GJ: Which you do because that’s just who you are. I see that in a lot of different areas outside of just business. I’ve seen that in social events for charities that I’m involved with, that I’ve invited you to, that you’ve come to because that’s just in you because in your company it’s top-down. In my company, I feel confident in saying, it’s top-down because that’s who I am. There might be others where that’s just not the person at the top, they might realize that. Does the culture have to start from the person who is in that CEO seat, or at least in the founder’s seat? Can it be hired? In other words, if there’s somebody that’s running the company, and they know that’s not them, can they hire a Chief Human Resources Officer? Or is it not replicable?

AB: Yes and no. The yes part is: everyone will have their own signature, their own style. And their own way of portraying these core values. That’s really cool because you get the same thing but in a little bit of a different flare. There’s a famous quote that says “the fish smells from the head first.” The head person must continue, in their own way, to embody this. Some people are shy. Some people may not always do the example in the same way. But they have to do it in their way. They have to use the words ‘Griffin, you are important to me and I want to help you be amazing in your job.’ Everyone says that in their own way, but that has to be part of the leadership and their behavior. Simultaneously, there are going to be people that are a little bit more dynamic about that. That’s really cool too. Whether you’re outgoing and really fun and you do that, you still want other people to do it as well. Letting them push forward this culture, because your culture is young. I described our Vios culture as making Jello. If you’ve ever made Jello, it’s really important to stir. You’ve got to keep stirring it, otherwise, it’s going to get gooey on the bottom. In your organization, even if you’re an old organization and you want this new vibe, you’ve got to stir it and constantly, every day, go in to stir this idea. Then, once you put this Jello in the refrigerator and it sets, that culture is set. Habits are set, good and bad. The way people dress, the way people have their hair, what shoes they wear: all of this is malleable, but once you allow that to set, those bad habits or that bad culture can be very difficult to undo. My point is that we have to be very intentional and stop the noise for a minute. Put in your schedule from now until the next six months and the next twelve months, scheduled events and scheduled meetings. Not only for key players in your organization but with the whole organization, so that you have opportunities that are blocked to quiet the noise and send this message forward.
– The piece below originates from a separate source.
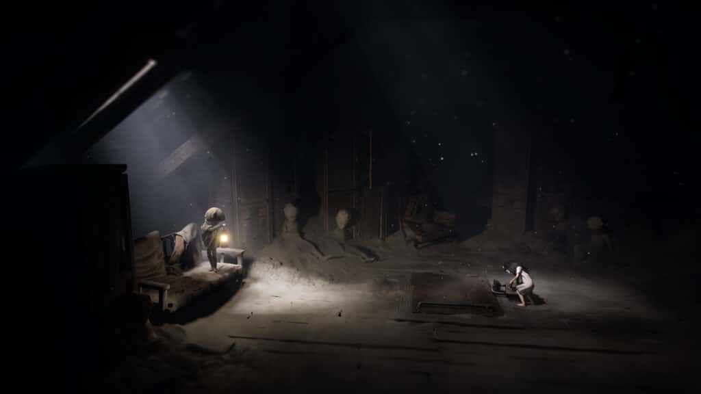 Als ich dann den Controller in die Hand nehmen durfte, fiel mir sofort eine Sache auf. Die Steuerung ist genau dieselbe wie bei Little Nightmares 1 und 2. Es gibt eine Taste zum Interagieren, zum Schleichen, zum Sprinten, zum Ein- und Ausschalten der Petroleumlampe und eine zum Springen – fertig. Einfach und leicht zu verstehen.

GJ: Because I think this is where a lot of people are running into the issues with Millenial employees, Millenial patients, we’ve talked about this. Your Director of Operations, Hannah, was on the show earlier in the season.

AB: It was great. You did a great job - thanks for having her.

GJ: Vios is not really having an issue in the sense of hiring millennial employees. Not to say that there aren’t challenges, but you have a lot of Millenials that are really enthusiastic about working for you and so do I. The take away from our show, for anyone that didn’t listen to that episode, is you can get a lot out of Millenials. While previous generations tolerated poor cultures, millennials just won’t. I don’t expect any successive generations to either. Now that Gen-Xers and baby boomers have tasted a little bit of that, they are more demanding of a good culture as well. It isn’t just within your own organization - I cannot stress enough that it touches everything you do. In other words, we do have a client - we have a few - but I am thinking one particular client, just has a great culture that’s so authentic to them. My project manager said to me last week “I just love working for them so much. I feel like I have to do a good job for them because they’re so great and I feel like I work for them. I want to see them succeed.” I thought: Yes! That is the core of a good culture. I certainly want my employees to think that of me and of our company, but also to think that of our clients. People that we work with - whether they are vendors or strategic partners, or experts that we hire - they need to think that way also.

AB: Yes!

GJ: So I want to wrap up with saying: where do you see this going for those that are maybe on the fence? I do see a group, Angie, that what we are speaking right now might as well be Ancient Egyptian to them. I think there are a few that are already off to the races, like yourself. And then there are probably some more, and I don’t know how to break up any of those percentages, but there’s probably a third group that could go either way. How would you conclude in talking to that group about culture? Where they know it’s important somewhere inside of them, but have not really invested in it yet and probably won’t unless they get a little bit of a fire lit up under them.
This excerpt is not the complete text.